■ EXERCISE OBJECTIVE ■
Keep every word of the listing and reproduce it exactly, but set aside any image found there.

■ SUPPLIED INFORMATION ■
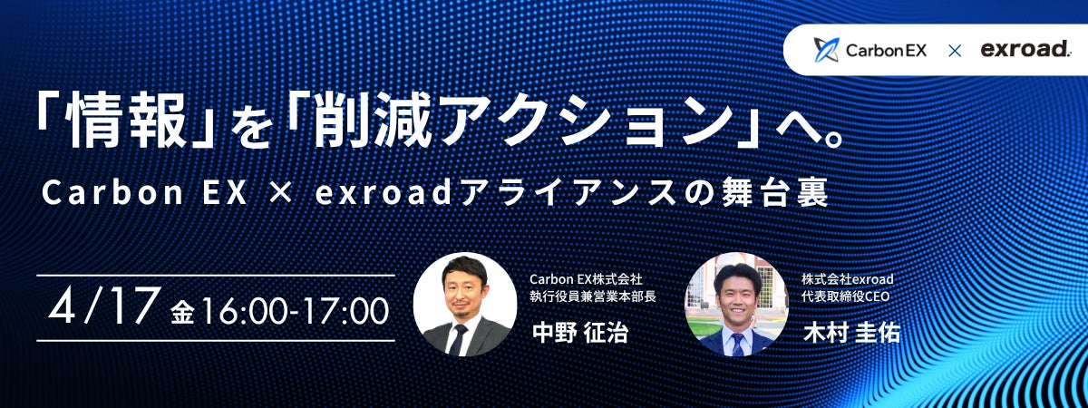 今回、Carbon EX株式会社と初の共催ウェビナーとなります。先月3月17日に発表した通り、当社(exroad)はM&Aによりアスエネグループに参画しました。アスエネグループ内のカーボンクレジット専門企業であるCarbon EXとのシナジーを通じて、一層有益な情報発信に努めてまいります。
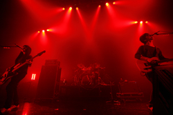 続いて登場したのは、凛として時雨。音楽関係者の間でも「いま一番気になるバンド」や「最近観た一番良かったライヴ」の筆頭に挙げられる彼らの登場に、場内も沸く。ヴォーカル&ギター+ヴォーカル&ベース+ドラムという、ロック・バンドにおける最小限の編成から繰り出される音は、直感的でいて実に整理された無駄のないアンサンブルを奏で、3ピース・バンドとしての見事な完成形であると同時に、さらなる可能性も強烈に感じさせた。曲が進むに連れて次第に大きくなっていったモッシュの波が、そのことを証明していたと思う。
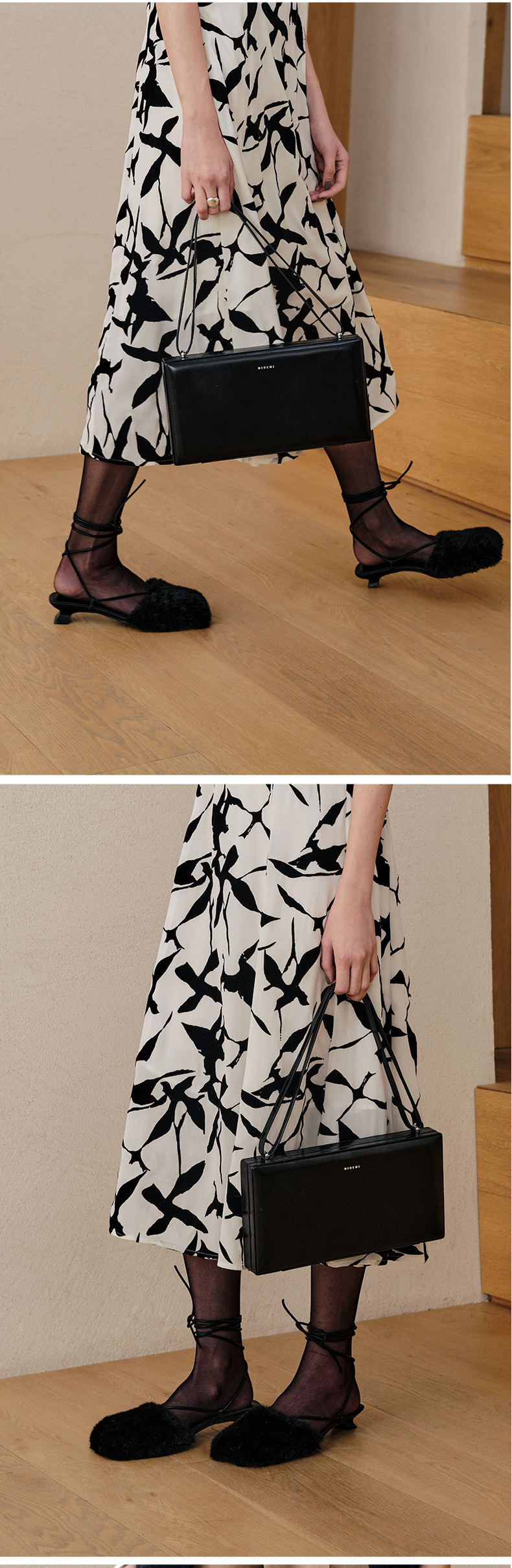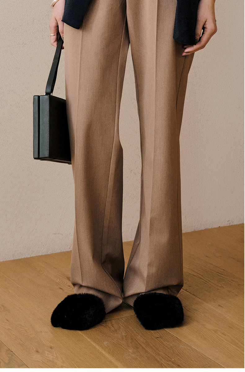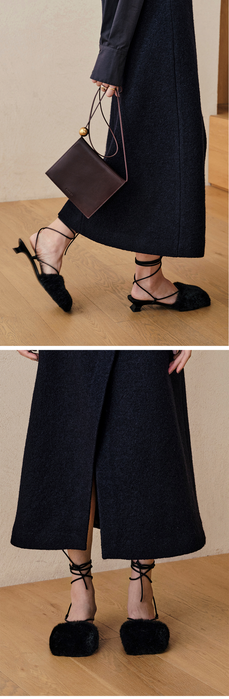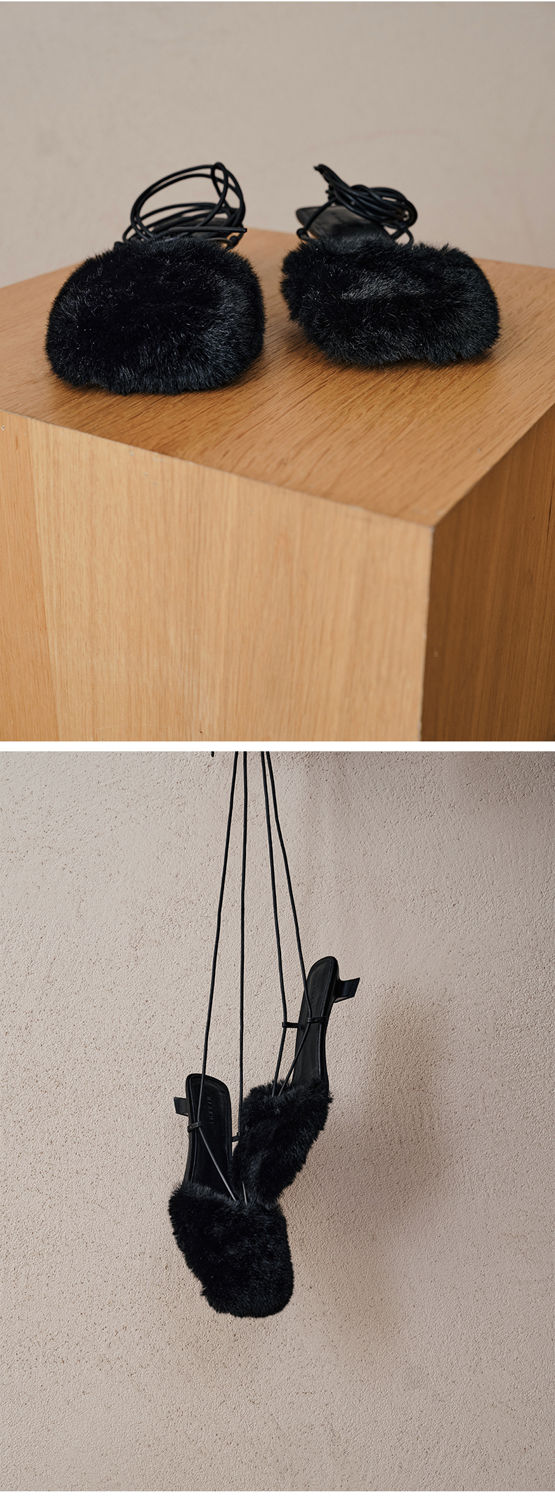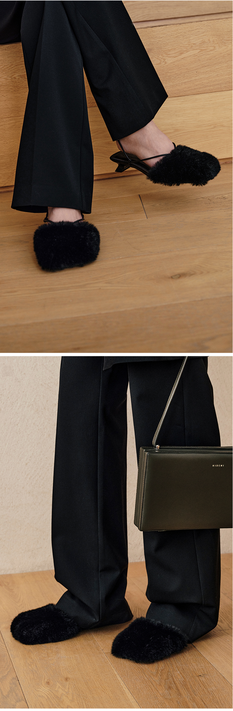 HIDEMI限定款毛毛方头小跟系带鞋

■ RESULT OF THIS TASK ■
 今回、Carbon EX株式会社と初の共催ウェビナーとなります。先月3月17日に発表した通り、当社(exroad)はM&Aによりアスエネグループに参画しました。アスエネグループ内のカーボンクレジット専門企業であるCarbon EXとのシナジーを通じて、一層有益な情報発信に努めてまいります。
 続いて登場したのは、凛として時雨。音楽関係者の間でも「いま一番気になるバンド」や「最近観た一番良かったライヴ」の筆頭に挙げられる彼らの登場に、場内も沸く。ヴォーカル&ギター+ヴォーカル&ベース+ドラムという、ロック・バンドにおける最小限の編成から繰り出される音は、直感的でいて実に整理された無駄のないアンサンブルを奏で、3ピース・バンドとしての見事な完成形であると同時に、さらなる可能性も強烈に感じさせた。曲が進むに連れて次第に大きくなっていったモッシュの波が、そのことを証明していたと思う。
 HIDEMI限定款毛毛方头小跟系带鞋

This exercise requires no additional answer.